Like many other GPU-based neighbor search libraries, we need to build a bunch of data structures, mainly a grid, to enable fast search. Unlike other libraries that statically allocate the memory for those data structures, we do so based on the total GPU memory capacity queried dynamically. So you should see this error much less often than in others. If you do see this, it's most likely because there are other jobs running on the GPU eating part of the GPU memory. If you can't kill those jobs, you could pass the occupied GPU memory in MB through the -gmu switch.

It seems like the first time I launch the code it takes a long time to bootstrap. Why?

Your OptiX device code is compiled after the program is launch and cached. Subsequent launches would be faster if the cache hasn't been flushed. See the discussion here.

Is neighbor search in RTNN approximate or exact?
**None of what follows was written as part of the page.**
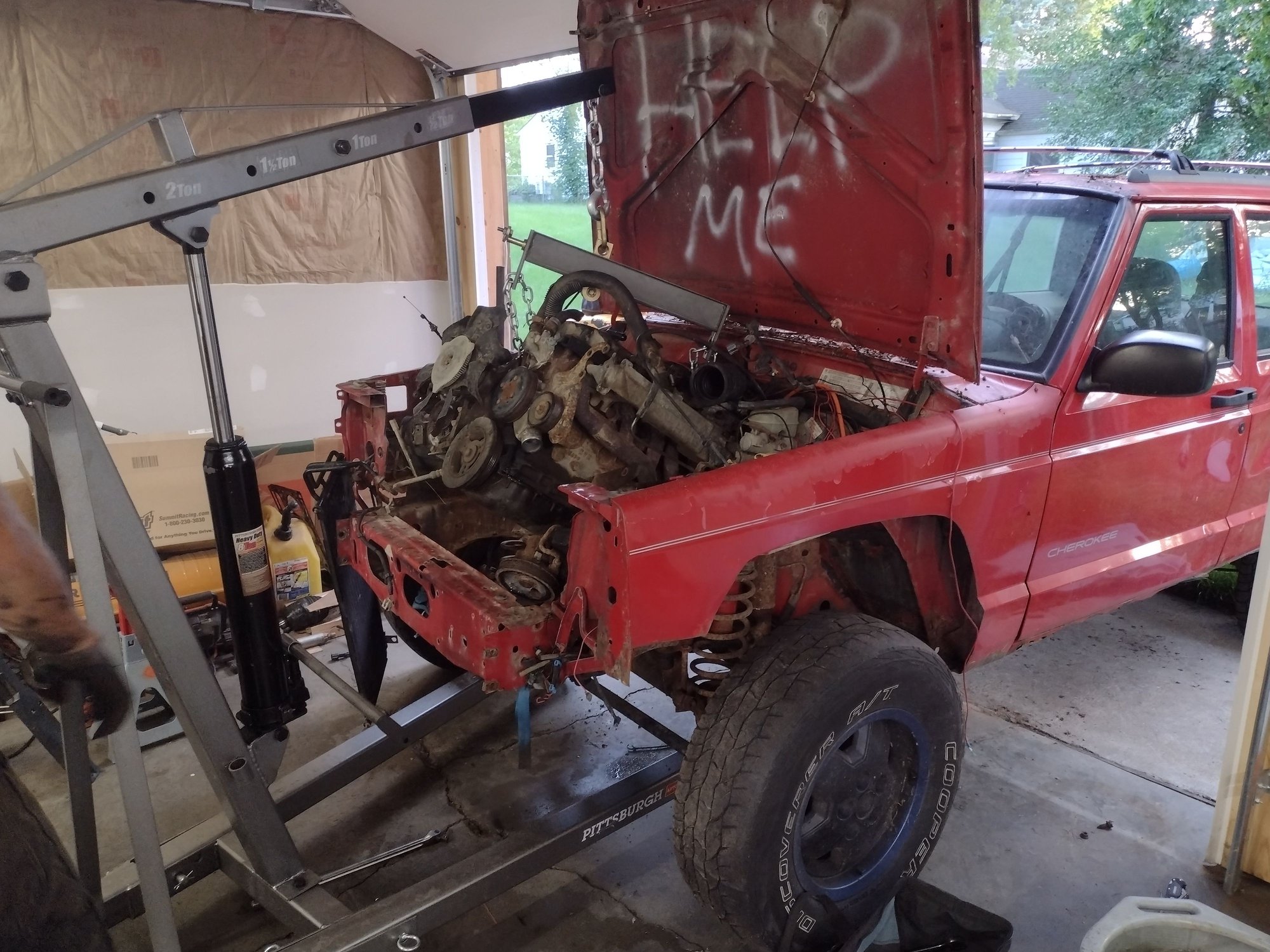 We pulled the engine and transmission out.

Range search is always exact (it's fast enough). Whether/how to approximate KNN search is controlled by the -a switch. See the description here.

Acknowledgement

  • The grid-based sorting is partially adapted from cuNSearch.
  • The prioritity queue implementation in OptiX is adaptad from the CUDA implementation in PyTorch3D.

Publication

@inproceedings{zhu2022rtnn,
    title={RTNN: Accelerating Neighbor Search Using Hardware Ray Tracing},
    author={Zhu, Yuhao},
    booktitle={Proceedings of the 27th ACM SIGPLAN Symposium on Principles and Practice of Parallel Programming},
    year={2022},
    organization={ACM}
}

License

The code is released under the MIT license. See the LICENSE file for the details.